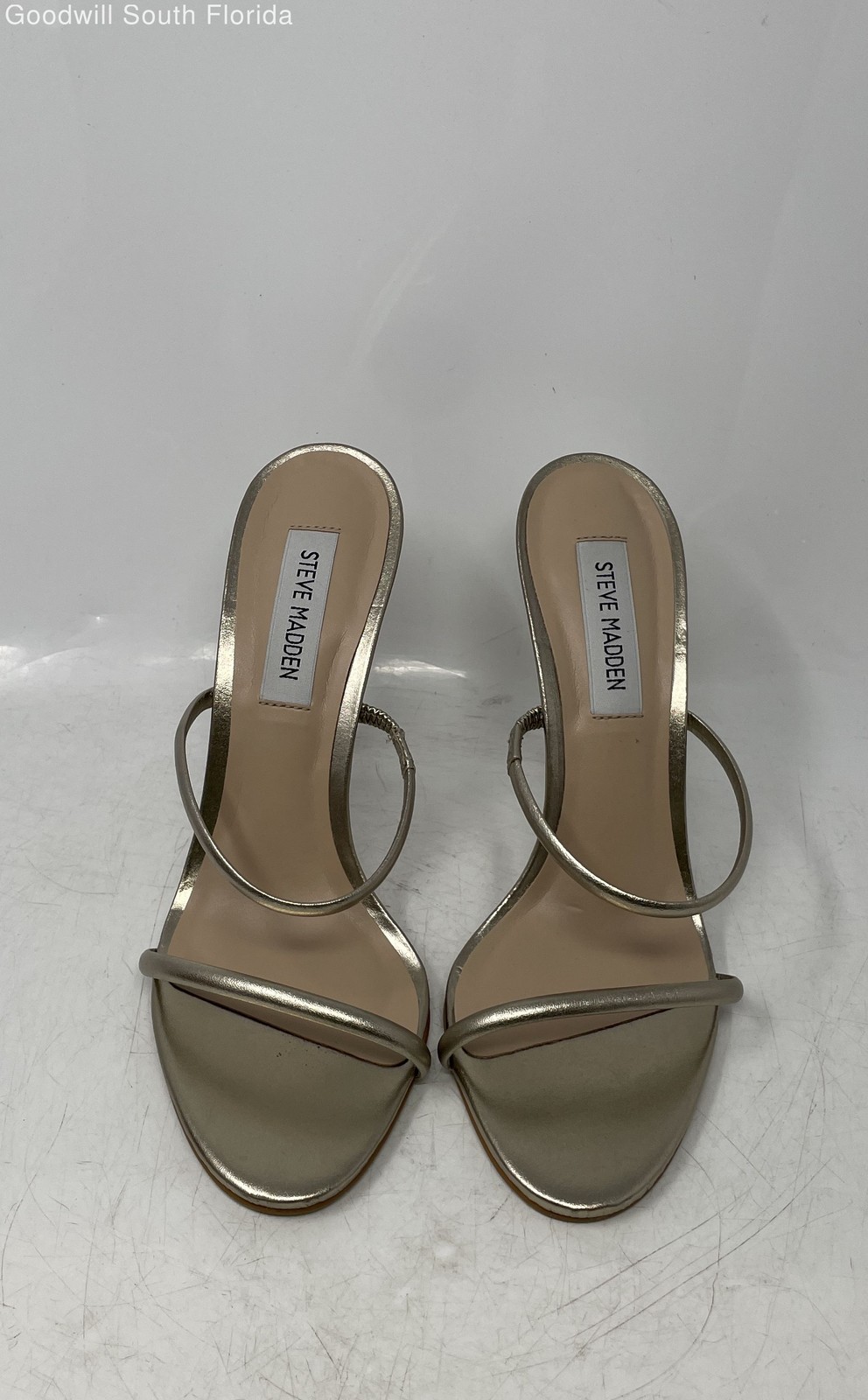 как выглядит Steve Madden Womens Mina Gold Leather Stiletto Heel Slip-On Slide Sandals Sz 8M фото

...

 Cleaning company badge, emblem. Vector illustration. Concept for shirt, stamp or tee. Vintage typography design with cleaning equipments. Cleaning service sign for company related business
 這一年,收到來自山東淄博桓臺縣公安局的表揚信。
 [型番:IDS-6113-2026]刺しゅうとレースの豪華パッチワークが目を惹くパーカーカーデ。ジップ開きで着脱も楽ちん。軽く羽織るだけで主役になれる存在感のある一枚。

---

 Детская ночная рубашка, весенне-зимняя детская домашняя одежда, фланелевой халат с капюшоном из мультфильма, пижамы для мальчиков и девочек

Your goal: Return exactly the lines above from the line that has "這一年,收到來自山東淄博桓臺縣公安局的表揚信。" through the line that has "[型番:IDS-6113-2", inclusive, and nothing else.

Answer box:
 這一年,收到來自山東淄博桓臺縣公安局的表揚信。
 [型番:IDS-6113-2026]刺しゅうとレースの豪華パッチワークが目を惹くパーカーカーデ。ジップ開きで着脱も楽ちん。軽く羽織るだけで主役になれる存在感のある一枚。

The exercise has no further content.